McClure may not have attended a press conference arranged by the Presbyterian Church (USA) news service in which gay activists and renewal leaders were interviewed by the media. The winning side was understandably cheerful, but the renewal representatives were both angry and hurt.
There she would have heard such strong statements as, “What has crept into the life of the Presbyterian Church is not just difference of opinion but unbelief,” by Joe Rightmyer of Presbyterians for Renewal. And, “To a certain extent we as Presbyterians are like two or three people handcuffed together,” by Russ Ritchel, pastor of First Presbyterian Church in Winston-Salem, N.C. “We are handcuffed together by our property.”
And while advisory votes – not included in the official tally – cast by ecumenical and mission delegates reflected majorities favoring the General Assembly’s decision, there are other views that suggest that was simply a Louisville phenomenon.
Harold Kurtz, retired executive director of Presbyterian Frontier Fellowship and one of the denomination’s experts on world missions, says the votes of mission representatives at the General Assembly do not reflect the worldwide church.
“The split I worry about is between ourselves and the world church,” Kurtz said at a recent meeting. “There are 35,000 denominations in the world. Only four have approved homosexual behavior. We have not seriously engaged the world church on this issue. Our General Assembly acted without consulting the world church.”
Camille Josey of Atlanta, an elder commissioner to the 2001 General Assembly, said the committee testimony on the ordination issue was skewed to present only the liberal side of the world church view.
“That was particularly evident when committee leaders would not allow a representative of the church in Pakistan to speak on the ordination issue, but they welcomed speeches from representatives of the church in the Netherlands,” Josey said. The Netherlands officially sanctions homosexual activity and drug use and allows doctors to put to death patients whom they judge to be terminally ill.

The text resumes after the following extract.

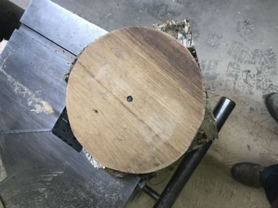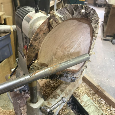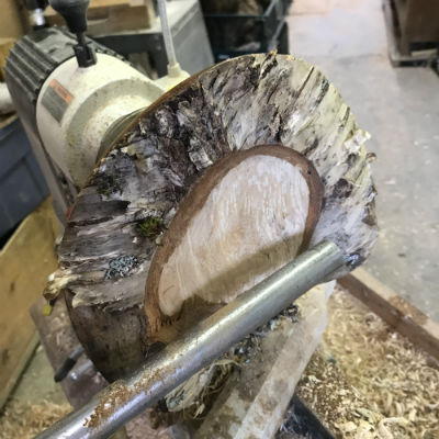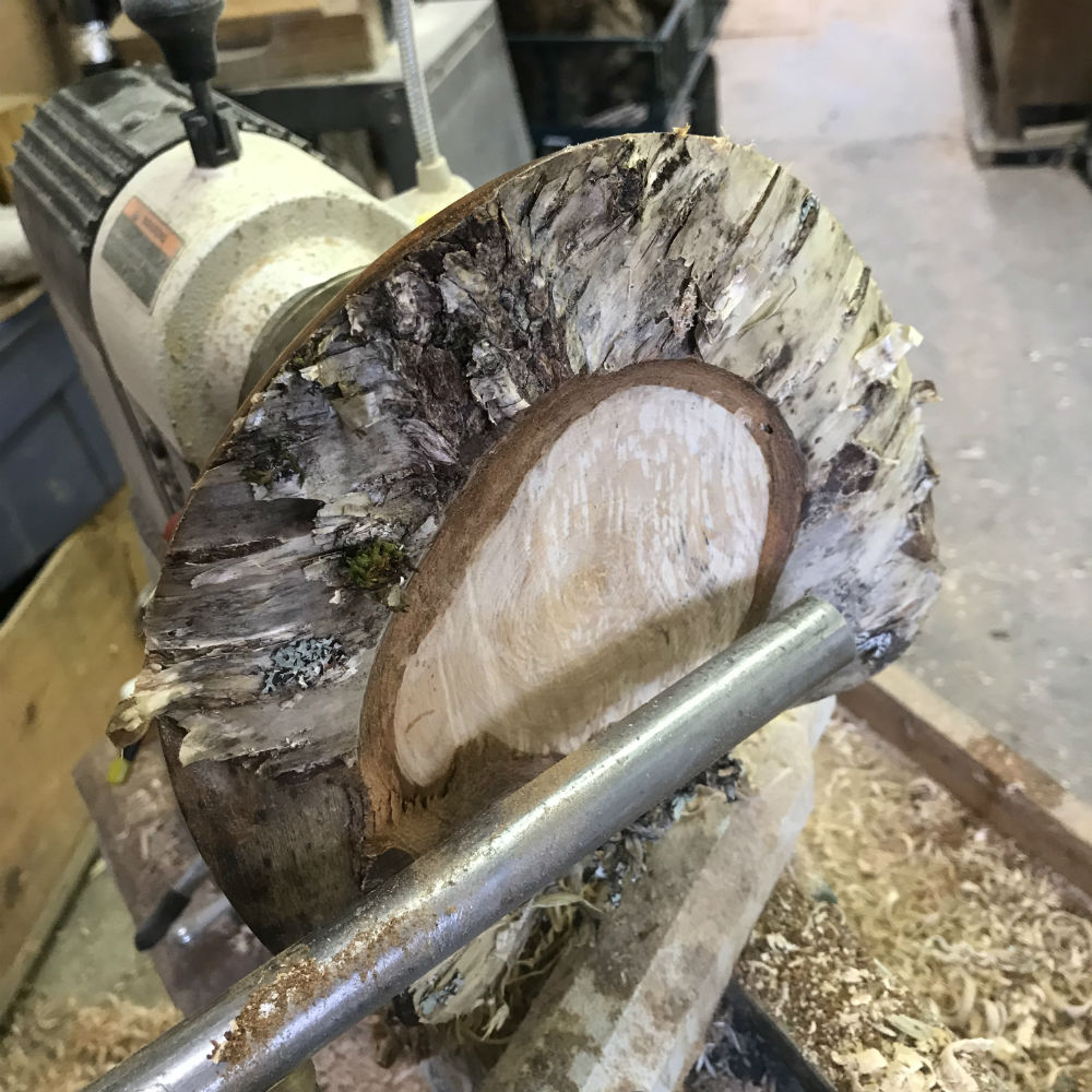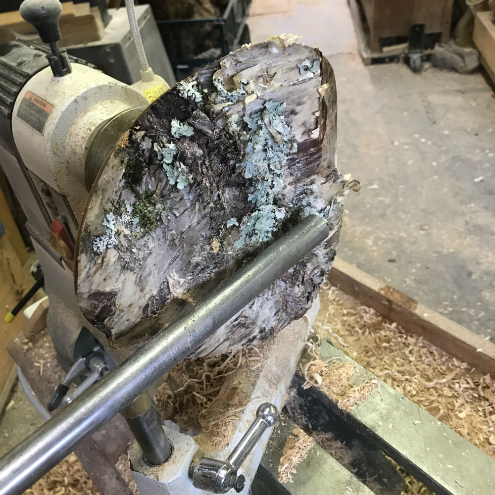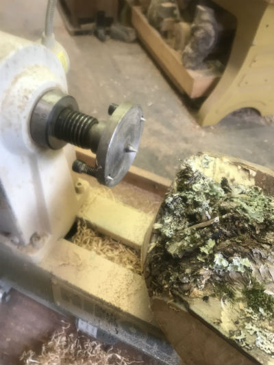 reverses that position and presents the bark encrusted side to the headstock; the large sawn side to the tailstock. Because the bark-covered outer edge of the log is uneven and the bark unsecure, mounting it on the headstock requires some careful thought to ensure the safety of the turner and, of course, of the blank of wood. There are several different jigs and methods to accomplish this.

There are several ecumenical bodies whose leaders join activists for gay ordination but whose organizations do not endorse that bias. The National Council of Churches, for instance, has voted several times not to accept a predominantly gay denomination – Metropolitan Community Church – into its membership, yet many NCC staff members and some board members argue unceasingly for gay ordination.
Other mainline denominations in the United States have also learned that their mission partners around the world are substantially more committed to Scripture and moral standards.
For example, the world assembly of Anglican bishops – called the Lambeth Conference – overwhelmingly opposed ordination of homosexuals, despite charges by the liberals that many of the bishops were “unsophisticated” and “superstitious” for clinging to Biblical beliefs.
McClure’s letter does hint that there could be trouble ahead if mission and ecumenical partners are not impressed by the positive spin in her letter.
“I know this action of our General Assembly may cause a good deal of consternation,” she said in the next to last paragraph of her letter. “If so, I am sorry for the pain and discomfort you may go through.”
In the last paragraph, she adds, “Living together in the gift of unity is not always easy.” She makes no reference to purity or peace.